## TASK STATEMENT
Keep the images out while you retype all of the data exactly.

## AVAILABLE DATA
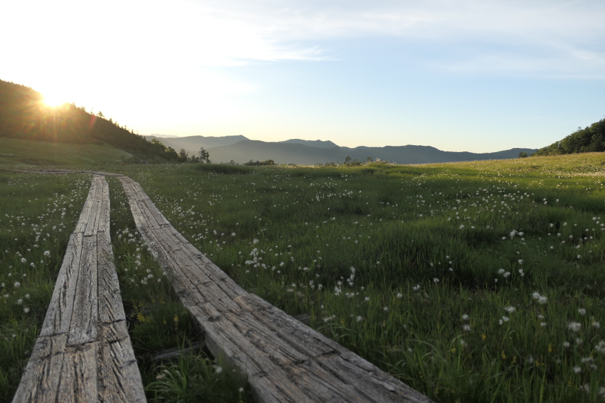 ちょうど尾根筋の向こうから朝日が顔を出しました。さあ、改めて出発ですね。
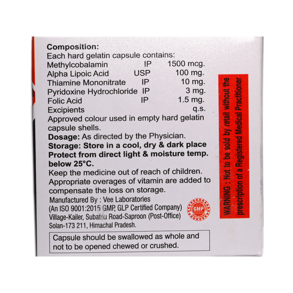 Salt Composition: Methylcobalamin (1500mcg) + Alpha Lipoic Acid (100mg) + Thiamine mononitrate (10mg) + Pyridoxine Hydrochloride (3mg) + Folic Acid (1.5mg)
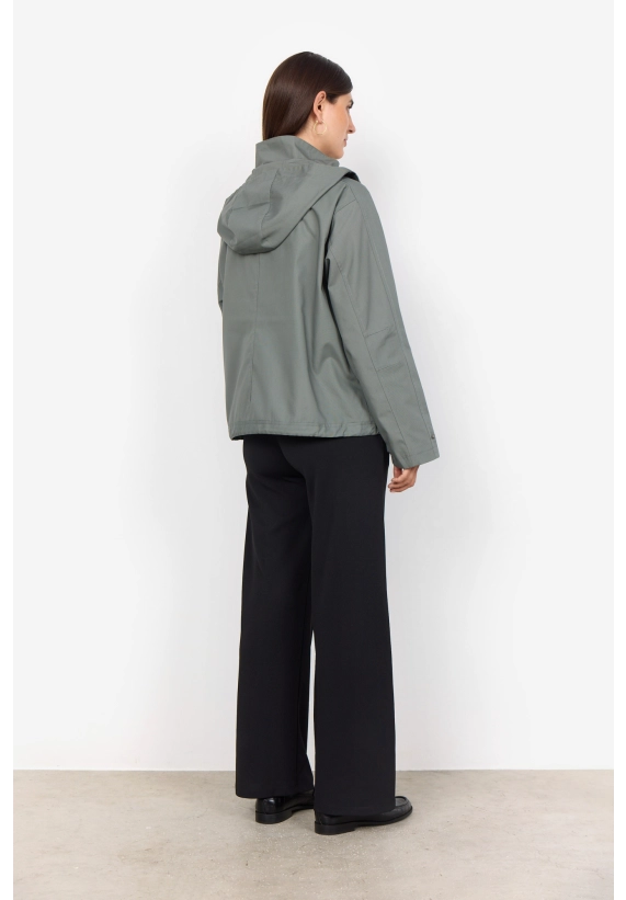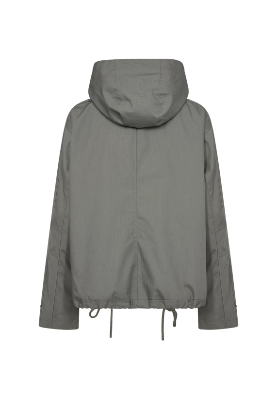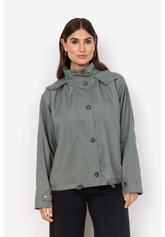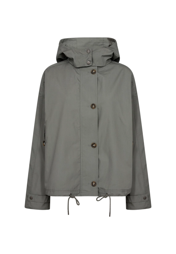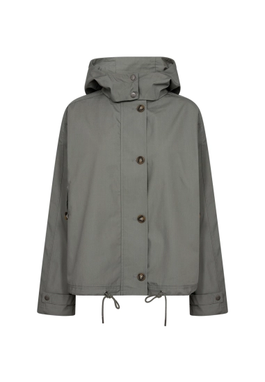 Het heeft een klassiek design met een capuchon, knoopsluiting en lange mouwen.
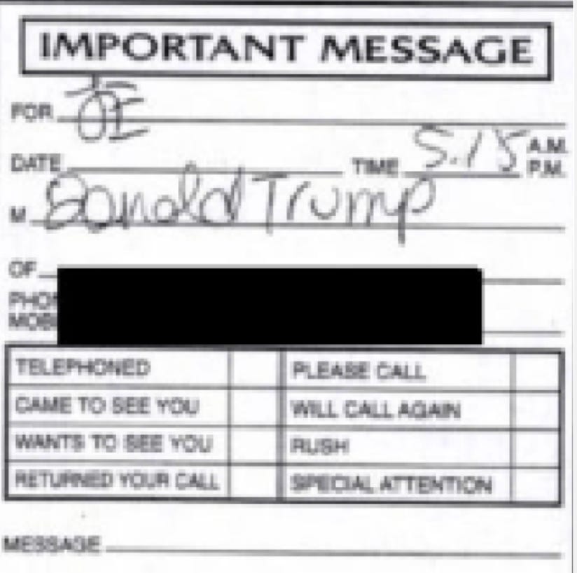 One message is particularly notable: it indicates that Donald Trump called Jeffrey Epstein. The call time is recorded as 5:18. No date is listed, and no explanation is provided for the call.
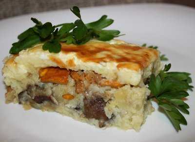 Форма, в которой запикатимемо, смазываем маслом и сверху посыпаем сухарями. Половину приготовленного пюре смешиваем с обжаренными белыми грибами и выкладываем в форму. Сверху выложим обжаренные лисички.
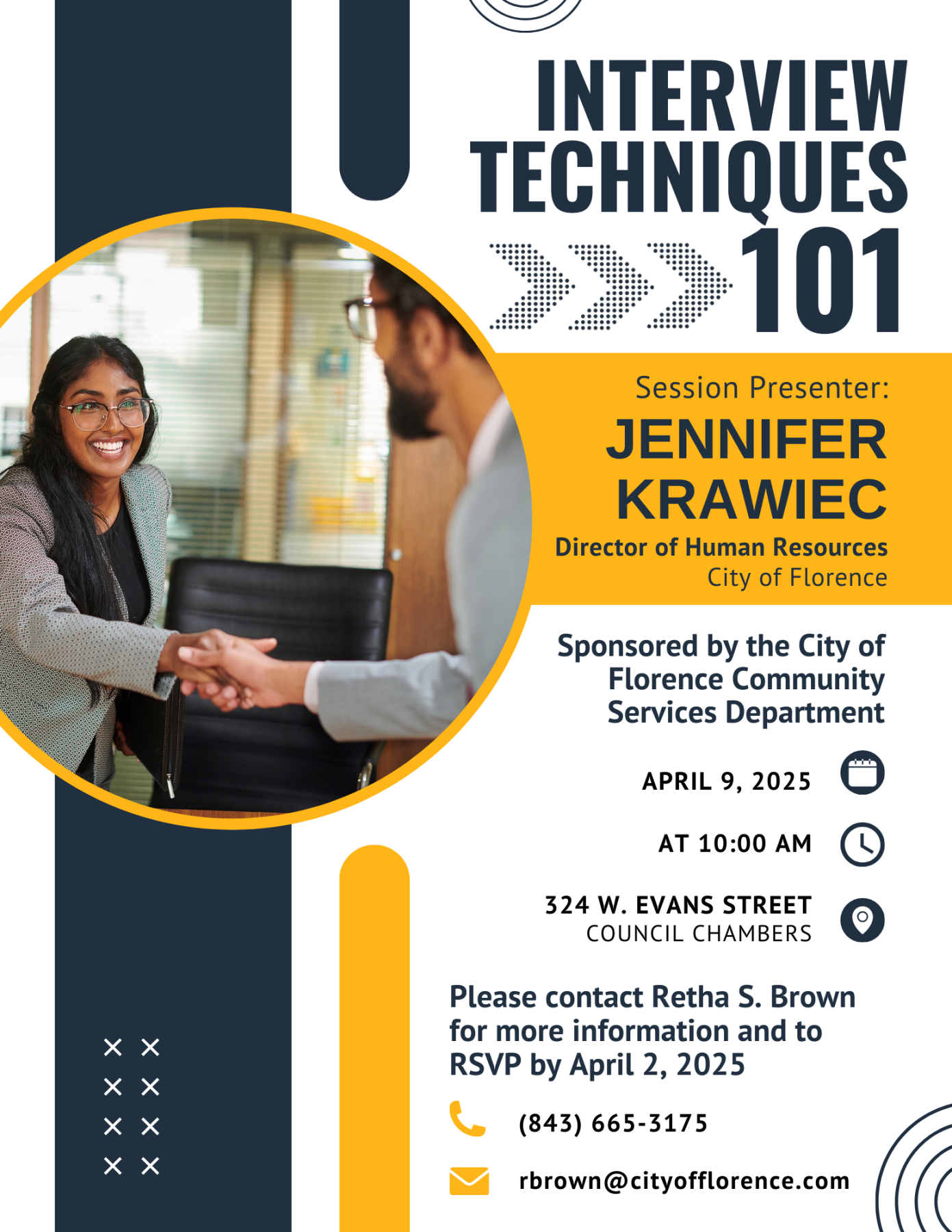 FLORENCE, SC – The City of Florence Community Services Department is excited to host Interview Techniques 101, a valuable workshop designed to help job seekers enhance their interview skills. The session will be led by Jennifer Krawiec, Director of Human Resources for the City of Florence, and will take place on April 9, 2025, at 10:00 AM in Council Chambers located on the first floor of the City Center at 324 W. Evans Street.
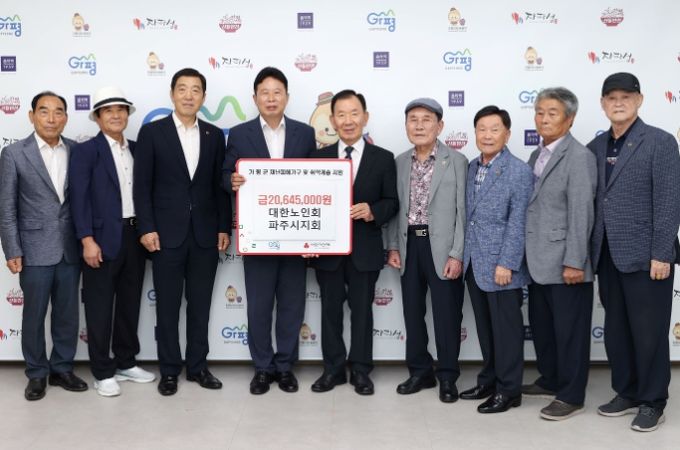 지난 22일 대한노인회 파주시지회 임원들은 가평군청을 찾아 이웃돕기 성금 2,060여만원을 전달했다. 이번 성금은 파주시 노인회원들이 자발적으로 모금한 것으로, 수해로 여가공간을 잃은 가평 지역 노인회원들을 돕기 위해 마련됐다.
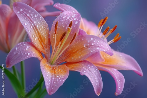 Naklejka premium Dew kissed pink and orange lily closeup
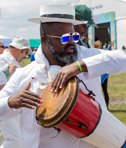 The musicians, one of whom is pictured below, played and sang as they demonstrated a celebration that has much in common with the second line and Mardi Gras Indian culture of New Orleans. Of course, that was the point of selecting Cuba as the featured nation in the first place.
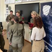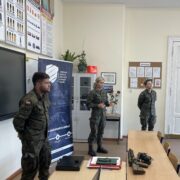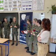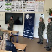 W czwartek 23 października na zajęciach szkolenia wojskowego kadeci z klasy III i IV mieli okazję spotkać się z żołnierzami nowotomyskiego Wojskowego Centrum Rekrutacji. Na spotkanie przybyli p. por. Dorota Kostańska z podwładnymi – p. kpr. Sławomirem Sobańskim i p. st. szer. spec. Romą Bąbelek.
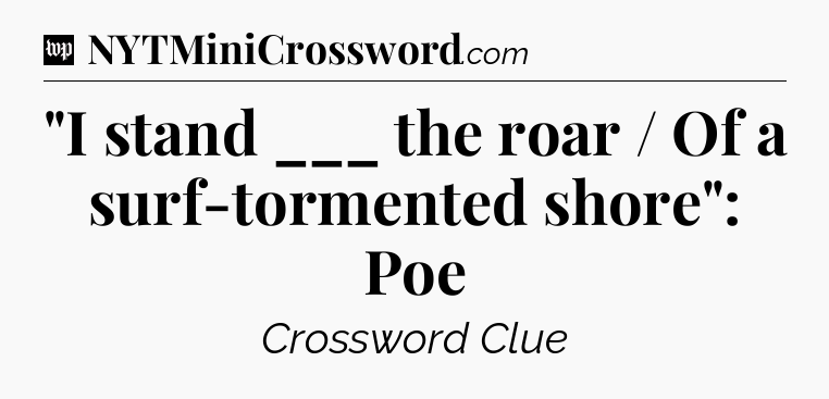 The Answer for “I stand ___ the roar / Of a surf-tormented shore”: Poe Crossword Clue is:
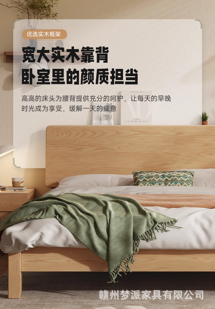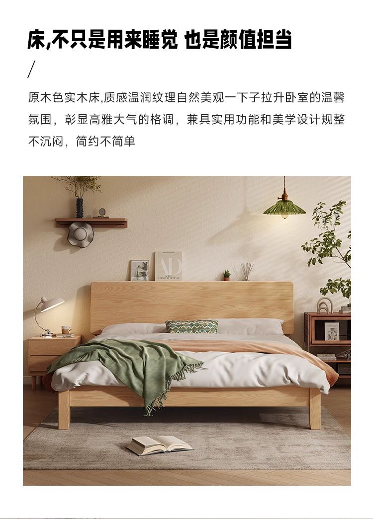 노르딕 애쉬 솔리드 우드 침대 1.8 m 마스터 침실 더블 침대 현대 간단한 1.5 m 로그 윈드 침대 임대 룸스토어 가기
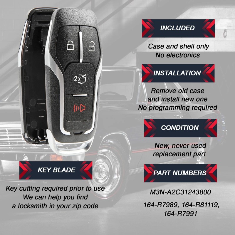 RemoteStop 2 Key Fob Remote Shell Case Replacement for Ford Lincoln 4b M3N-A2C3124380
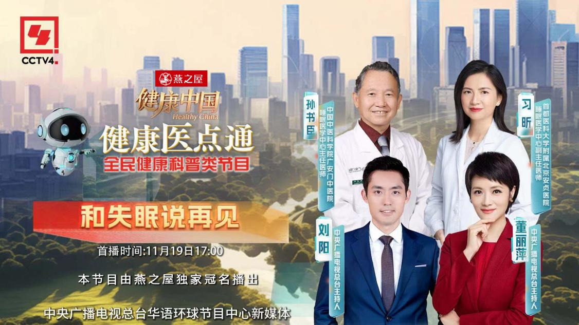 本期,由燕之屋獨家冠名的CCTV-4大型健康類欄目《健康中國》邀請來自首都醫(yī)科大學(xué)附屬北京安貞醫(yī)院睡眠醫(yī)學(xué)中心的副主任醫(yī)師習(xí)昕,為觀眾解讀失眠的定義,帶領(lǐng)大家一起了解失眠對身體的危害,傳授失眠的解決辦法,相約《不在天亮說晚安》。

## REPLY TO THE TASK
 ちょうど尾根筋の向こうから朝日が顔を出しました。さあ、改めて出発ですね。
 Salt Composition: Methylcobalamin (1500mcg) + Alpha Lipoic Acid (100mg) + Thiamine mononitrate (10mg) + Pyridoxine Hydrochloride (3mg) + Folic Acid (1.5mg)
 Het heeft een klassiek design met een capuchon, knoopsluiting en lange mouwen.
 One message is particularly notable: it indicates that Donald Trump called Jeffrey Epstein. The call time is recorded as 5:18. No date is listed, and no explanation is provided for the call.
 Форма, в которой запикатимемо, смазываем маслом и сверху посыпаем сухарями. Половину приготовленного пюре смешиваем с обжаренными белыми грибами и выкладываем в форму. Сверху выложим обжаренные лисички.
 FLORENCE, SC – The City of Florence Community Services Department is excited to host Interview Techniques 101, a valuable workshop designed to help job seekers enhance their interview skills. The session will be led by Jennifer Krawiec, Director of Human Resources for the City of Florence, and will take place on April 9, 2025, at 10:00 AM in Council Chambers located on the first floor of the City Center at 324 W. Evans Street.
 지난 22일 대한노인회 파주시지회 임원들은 가평군청을 찾아 이웃돕기 성금 2,060여만원을 전달했다. 이번 성금은 파주시 노인회원들이 자발적으로 모금한 것으로, 수해로 여가공간을 잃은 가평 지역 노인회원들을 돕기 위해 마련됐다.
 Naklejka premium Dew kissed pink and orange lily closeup
 The musicians, one of whom is pictured below, played and sang as they demonstrated a celebration that has much in common with the second line and Mardi Gras Indian culture of New Orleans. Of course, that was the point of selecting Cuba as the featured nation in the first place.
 W czwartek 23 października na zajęciach szkolenia wojskowego kadeci z klasy III i IV mieli okazję spotkać się z żołnierzami nowotomyskiego Wojskowego Centrum Rekrutacji. Na spotkanie przybyli p. por. Dorota Kostańska z podwładnymi – p. kpr. Sławomirem Sobańskim i p. st. szer. spec. Romą Bąbelek.
 The Answer for “I stand ___ the roar / Of a surf-tormented shore”: Poe Crossword Clue is:
 노르딕 애쉬 솔리드 우드 침대 1.8 m 마스터 침실 더블 침대 현대 간단한 1.5 m 로그 윈드 침대 임대 룸스토어 가기
 RemoteStop 2 Key Fob Remote Shell Case Replacement for Ford Lincoln 4b M3N-A2C3124380
 本期,由燕之屋獨家冠名的CCTV-4大型健康類欄目《健康中國》邀請來自首都醫(yī)科大學(xué)附屬北京安貞醫(yī)院睡眠醫(yī)學(xué)中心的副主任醫(yī)師習(xí)昕,為觀眾解讀失眠的定義,帶領(lǐng)大家一起了解失眠對身體的危害,傳授失眠的解決辦法,相約《不在天亮說晚安》。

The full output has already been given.